Atleast quote the whole story.


----------



## abhigeek (Nov 11, 2014)

Feeling sad for him.
He might faced humiliation and heart break.
And Top of that media quoted his sad incident

He was rejected because the girl found out those i-phone are fakes

If He had bought a Diamond ring of 5000$ instead of iphones. Who knows, he may get accepted...


----------



## srkmish (Nov 12, 2014)

some people will do anything for attention


----------



## Hrishi (Nov 12, 2014)

Dafaq....Why Iphones ?!!!!


----------



## ithehappy (Nov 12, 2014)

So now I know who is the unluckiest girl of this planet.


----------



## Raaabo (Nov 12, 2014)

What a moron. Any idiot who buys an iPhone to propose deserves to be rejected, but one who buys 99, that's just mentally deranged.


----------



## Gollum (Nov 12, 2014)

his way was wrong, he tried to buy love. That too with iphones


----------



## Vyom (Nov 12, 2014)

If the guy had spent half the time he took to arrange all those iPhones to being with her she could have accepted the proposal. Maybe the girl realized that.


----------



## Chaitanya (Nov 12, 2014)

What does it look like when crazy gets drunk on insanity?

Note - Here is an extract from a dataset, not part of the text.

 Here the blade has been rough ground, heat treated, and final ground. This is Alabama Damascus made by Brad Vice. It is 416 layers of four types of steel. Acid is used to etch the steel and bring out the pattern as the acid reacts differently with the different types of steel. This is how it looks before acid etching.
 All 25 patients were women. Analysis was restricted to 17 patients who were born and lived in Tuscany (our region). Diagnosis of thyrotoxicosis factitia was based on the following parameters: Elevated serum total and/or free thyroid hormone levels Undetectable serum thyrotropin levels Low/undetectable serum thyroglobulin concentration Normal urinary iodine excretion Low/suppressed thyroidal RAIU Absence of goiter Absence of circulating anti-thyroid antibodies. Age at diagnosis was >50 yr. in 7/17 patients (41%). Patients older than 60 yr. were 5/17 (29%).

My friends around here are planning on donating kidneys & stuff for new iPhone, what did this guy sell? Great Wall of China? The nuke launch codes? His soul?


----------



## Faun (Nov 12, 2014)

Was she just "girl friend" or "girlfriend" ?


----------



## arijitsinha (Nov 12, 2014)

Those are Chinese iPhone.


----------



## Vyom (Nov 12, 2014)

arijitsinha said:


> Those are Chinese iPhone.



﴾͡๏̯͡๏﴿ O'RLY?

You know, you have to give source for your info?


----------



## Faun (Nov 12, 2014)

I got 99 iPhones, but a wife ain't one!


----------



## arijitsinha (Nov 12, 2014)

Vyom said:


> ﴾͡๏̯͡๏﴿ O'RLY?
> 
> You know, you have to give source for your info?

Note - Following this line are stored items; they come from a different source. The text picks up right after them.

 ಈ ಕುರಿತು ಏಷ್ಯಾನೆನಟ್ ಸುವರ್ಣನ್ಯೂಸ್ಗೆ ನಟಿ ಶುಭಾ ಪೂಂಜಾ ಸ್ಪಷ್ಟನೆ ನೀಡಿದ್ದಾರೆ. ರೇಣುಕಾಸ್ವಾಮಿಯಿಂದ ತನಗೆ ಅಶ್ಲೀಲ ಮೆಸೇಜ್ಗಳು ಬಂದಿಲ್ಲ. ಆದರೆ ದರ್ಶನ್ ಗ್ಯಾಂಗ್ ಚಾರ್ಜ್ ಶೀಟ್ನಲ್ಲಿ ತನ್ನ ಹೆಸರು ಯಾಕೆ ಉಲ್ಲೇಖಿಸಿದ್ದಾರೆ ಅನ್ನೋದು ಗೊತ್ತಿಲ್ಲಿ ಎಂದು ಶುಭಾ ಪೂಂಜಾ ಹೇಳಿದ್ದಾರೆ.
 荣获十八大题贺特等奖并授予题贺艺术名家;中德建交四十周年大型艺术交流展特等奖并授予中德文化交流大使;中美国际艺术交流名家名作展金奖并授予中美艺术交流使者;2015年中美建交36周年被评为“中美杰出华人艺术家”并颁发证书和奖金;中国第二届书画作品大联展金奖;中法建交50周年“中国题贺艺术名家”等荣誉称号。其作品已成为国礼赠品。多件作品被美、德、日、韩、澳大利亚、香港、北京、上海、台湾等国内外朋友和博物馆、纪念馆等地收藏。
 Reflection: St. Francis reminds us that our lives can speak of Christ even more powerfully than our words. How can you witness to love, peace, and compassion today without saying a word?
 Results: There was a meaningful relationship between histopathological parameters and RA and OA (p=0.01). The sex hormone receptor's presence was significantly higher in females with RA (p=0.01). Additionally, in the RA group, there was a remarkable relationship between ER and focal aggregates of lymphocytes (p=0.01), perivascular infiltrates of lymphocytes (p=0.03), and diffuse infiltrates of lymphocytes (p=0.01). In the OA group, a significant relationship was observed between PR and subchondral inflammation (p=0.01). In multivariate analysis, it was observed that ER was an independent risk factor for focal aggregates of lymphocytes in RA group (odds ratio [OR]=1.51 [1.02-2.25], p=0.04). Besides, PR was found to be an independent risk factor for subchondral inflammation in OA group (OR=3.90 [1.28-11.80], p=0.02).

I am "the source", Who provided the source to who wrote the oxford dictionary?


----------



## Chaitanya (Nov 12, 2014)

arijitsinha said:


> I am "the source", *Who provided the source to who wrote the oxford dictionary?*



News channels I guess....
"Khufiya SUTRON se pata chala hai...."


----------



## Nerevarine (Nov 12, 2014)

Faun said:


> Was she just "girl friend" or "girlfriend" ?



I see what you did there


----------



## Hrishi (Nov 13, 2014)

Next time you propose a girl with Iphone(s) , Apple will be there to haunt your ar$e with lawsuits.


----------



## sumit05 (Nov 14, 2014)

Faun said:


> Was she just "girl friend" or "girlfriend" ?

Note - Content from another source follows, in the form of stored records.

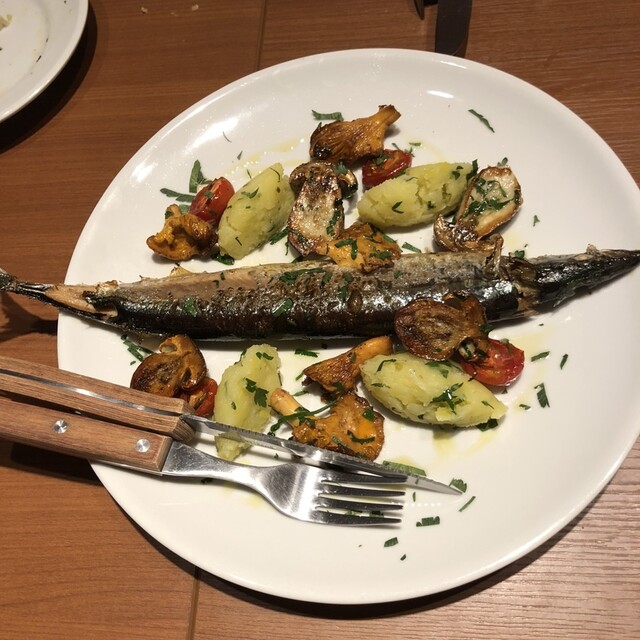 秋刀魚と季節野菜を低温調理器具でゆっくりローストした絶妙な逸品。骨までいける。白ワインを入れよう。食材も素晴らしい。野菜本来の甘味、旨味、ポルチーニの香り、岩塩のコク、最高だ。
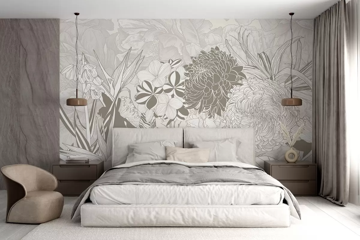 Fototapetak Virágok és levelek bézs árnyalatokban, köztük krizantémok, plumeria és trópusi lombozat, botanikus design Nr. w08976
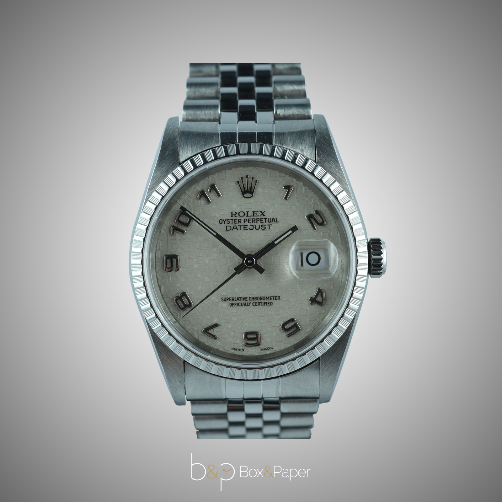 Nel 1989 viene presentato il nuovo Oyster Perpetual Datejust con referenza 16220 in acciaio con lunetta zigrinata in acciaio. Può essere equipaggiato da un bracciale Oyster ref.78360 o Jubilee ref.62510. La cassa Oyster di 36mm di diametro è garantita impermeabile all’acqua fino a 100 m di profondità. Questa referenza porta inciso all’interno del fondello la referenza 16200 o il codice a 4 cifre 2080. Monta il calibro 3135.
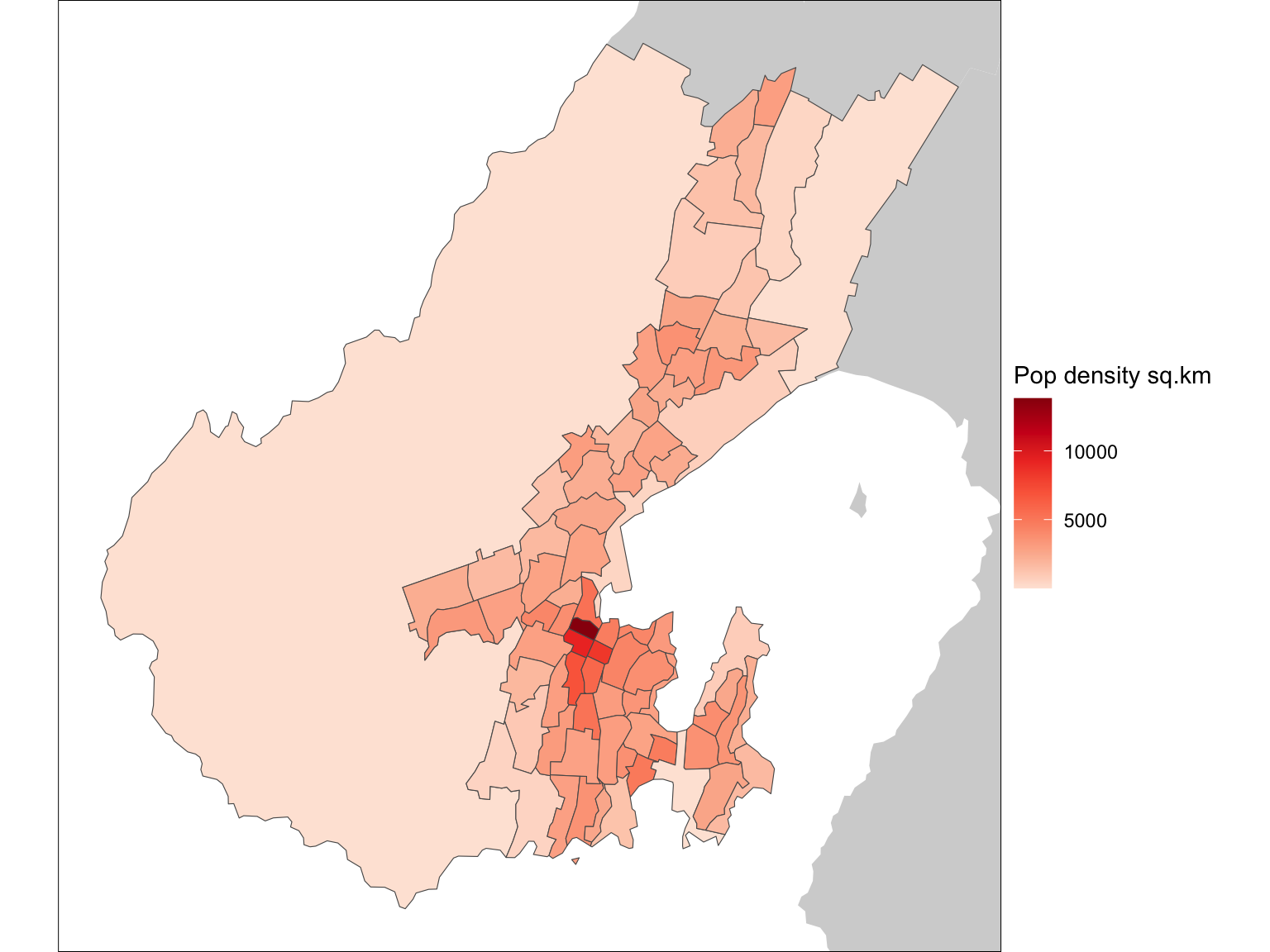 scale_fill_distiller("Pop density sq.km", palette = "Reds", direction = 1) +
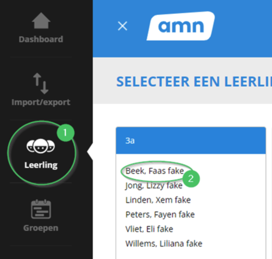 Stap 1: Selecteer leerling
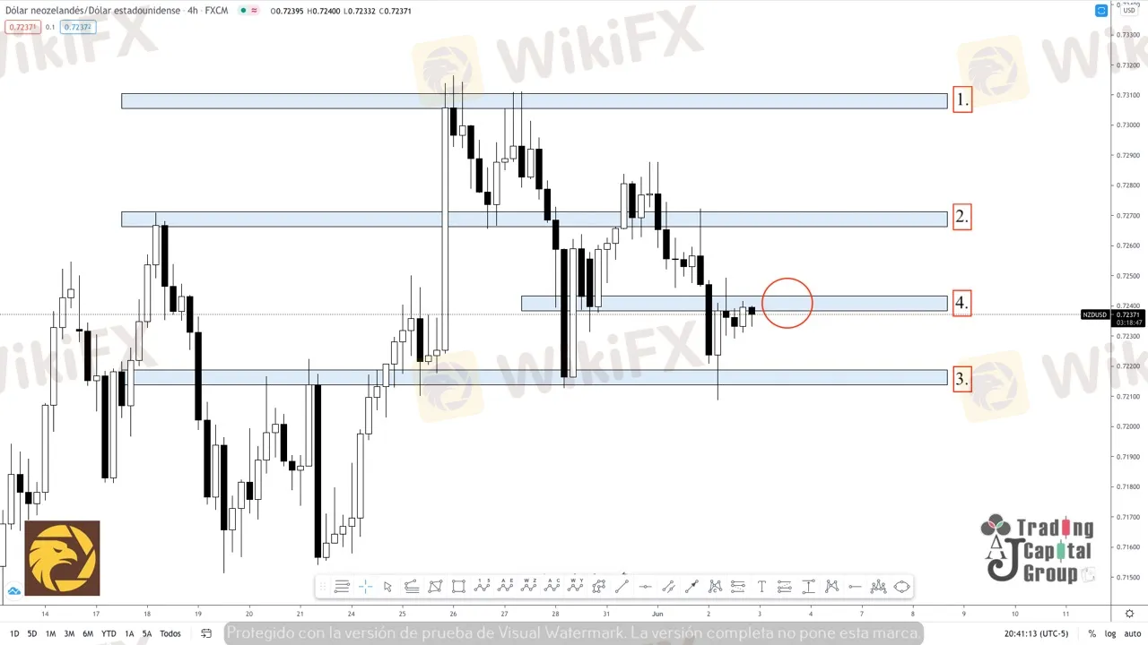 4. Este nivel se convierte e un punto de reacción del precio para crear un patrón de venta o de compra, dependiendo del cómo reaccionen las velas por encima o por debajo de este. Antes de tomar posiciones es necesario hacer un seguimiento de las zonas (3) y (4) para establecer seguridad en cuanto a la dirección de este activo.

May be she was half girlfriend.


----------



## $hadow (Nov 14, 2014)

But I am damm surre among the group many girls would be thinking why not me


----------



## kisame (Nov 14, 2014)

Only one word comes to mind.



Spoiler



Ch**tiya


----------



## Faun (Nov 14, 2014)

$hadow said:


> But I am damm surre among the group many girls would be thinking why not me



Different strokes for different folks.


----------



## $hadow (Nov 15, 2014)

Faun said:


> Different strokes for different folks.



Looks like his way didn't went as well as he expected and hence resulting in every news and forum


----------



## rajnusker (Nov 29, 2014)

Should have bought her something useful like diamonds


----------